Terras de Bouro

Passagem da Volta a Portugal em bicicleta pela Mata da Albergaria no Gerês sem público diz ICNF

O Instituto da Conservação da Natureza e das Florestas (ICNF) condiciona a passagem da Volta a Portugal em bicicleta na Mata da Albergaria, no Gerês, “a fortes medidas de proteção da biodiversidade”, como a interdição ao público.

A 87.ª edição da Volta a Portugal em bicicleta decorre entre terça-feira e 16 de agosto, unindo Lisboa e Porto ao longo de 1.388 quilómetros, distribuídos por um prólogo, nove etapas em linha e um contrarrelógio.

A 7.ª etapa, agendada para 13 de agosto e que atravessa o Parque Nacional da Peneda Gerês (PNPG), tem gerado preocupação e críticas por parte de associações ambientalistas, que contestam a passagem dos ciclistas, sobretudo pela Mata da Albergaria, concelho de Terras de Bouro, distrito de Braga.

Em resposta enviada hoje à agência Lusa, o ICNF explica que a autorização para a realização da etapa “foi acompanhada por um conjunto de medidas específicas destinadas a minimizar qualquer eventual perturbação”.

“Nomeadamente a limitação da circulação de veículos de apoio ao estritamente indispensável, a interdição da permanência de público em todo o trajeto que atravessa os setores ecologicamente mais sensíveis do percurso, a exclusão de meios aéreos em áreas de ambiente natural e outras medidas de gestão consideradas necessárias para proteção das espécies, habitats e restantes valores naturais”, indica o ICNF.

Além disso, “foi igualmente recomendada a integração, por parte da organização, de ações de comunicação e sensibilização ambiental, em articulação com o ICNF, que contribuam para a divulgação dos objetivos de conservação do Parque Nacional e do património natural que este alberga”

“O ICNF acompanhará a realização da prova, em articulação com as restantes entidades competentes, de forma a verificar o cumprimento integral das condições estabelecidas e a garantir a salvaguarda dos valores naturais do Parque Nacional da Peneda-Gerês”, sublinha este Instituto.

A 7.ª etapa parte de Vieira do Minho, passará pela Caniçada, Rio Caldo e Vila do Gerês, subirá à Portela de Leonte pela Estrada Nacional 308-1 e atravessará depois a Mata da Albergaria, pela estrada florestal até à Portela do Homem.

O ICNF acrescenta que a decisão “resultou de uma análise técnica e jurídica cuidadosa e aprofundada, realizada no quadro dos procedimentos legalmente previstos, num processo em que a proteção da natureza, dos habitats e das espécies presentes no Parque Nacional constituiu sempre a principal prioridade”.

Este organismo público lembra que o percurso proposto atravessa uma zona com elevado valor ecológico e que, por essa razão, exige especiais cuidados.

“Foi, por isso, analisada não apenas a passagem dos atletas, mas também o conjunto das atividades associadas ao evento, incluindo a circulação de veículos de apoio, os meios aéreos, a presença de público e o ruído”, salienta o ICNF.

A análise concluiu, segundo o ICNF, que o percurso proposto para a etapa coincide exclusivamente com uma via pavimentada já existente, e durante um período muito limitado.

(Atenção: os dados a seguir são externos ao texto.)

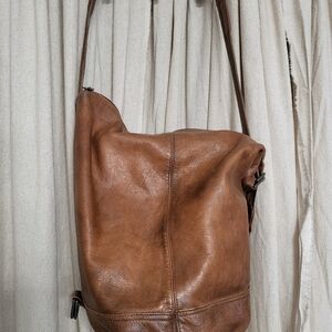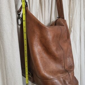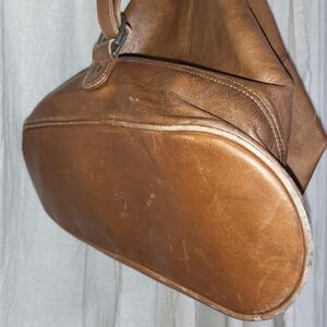 Leather shoulder bag, one large pocket with no lining or additional pockets. Can be worn two different ways depending on how strap is placed. Broken-in soft leather, made in Columbia. See photos for details.

“O troço em causa corresponde a uma estrada onde existe circulação motorizada regular, sem que daí tenha resultado, até à data, qualquer impacte negativo significativo conhecido sobre os habitats naturais, as espécies ou os valores ambientais presentes”, lê-se ainda na resposta.

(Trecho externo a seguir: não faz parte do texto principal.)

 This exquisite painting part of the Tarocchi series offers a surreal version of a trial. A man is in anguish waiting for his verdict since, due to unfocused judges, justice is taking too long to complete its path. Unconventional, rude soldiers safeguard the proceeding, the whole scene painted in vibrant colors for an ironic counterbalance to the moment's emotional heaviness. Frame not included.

O ICNF esclarece ainda que do ponto de vista jurídico, o Regulamento do Plano de Ordenamento do Parque Nacional da Peneda-Gerês prevê um regime de autorização sujeito à apreciação caso a caso, permitindo avaliar a compatibilidade de cada situação com os objetivos de conservação e definir as condicionantes necessárias para salvaguardar os valores naturais em presença.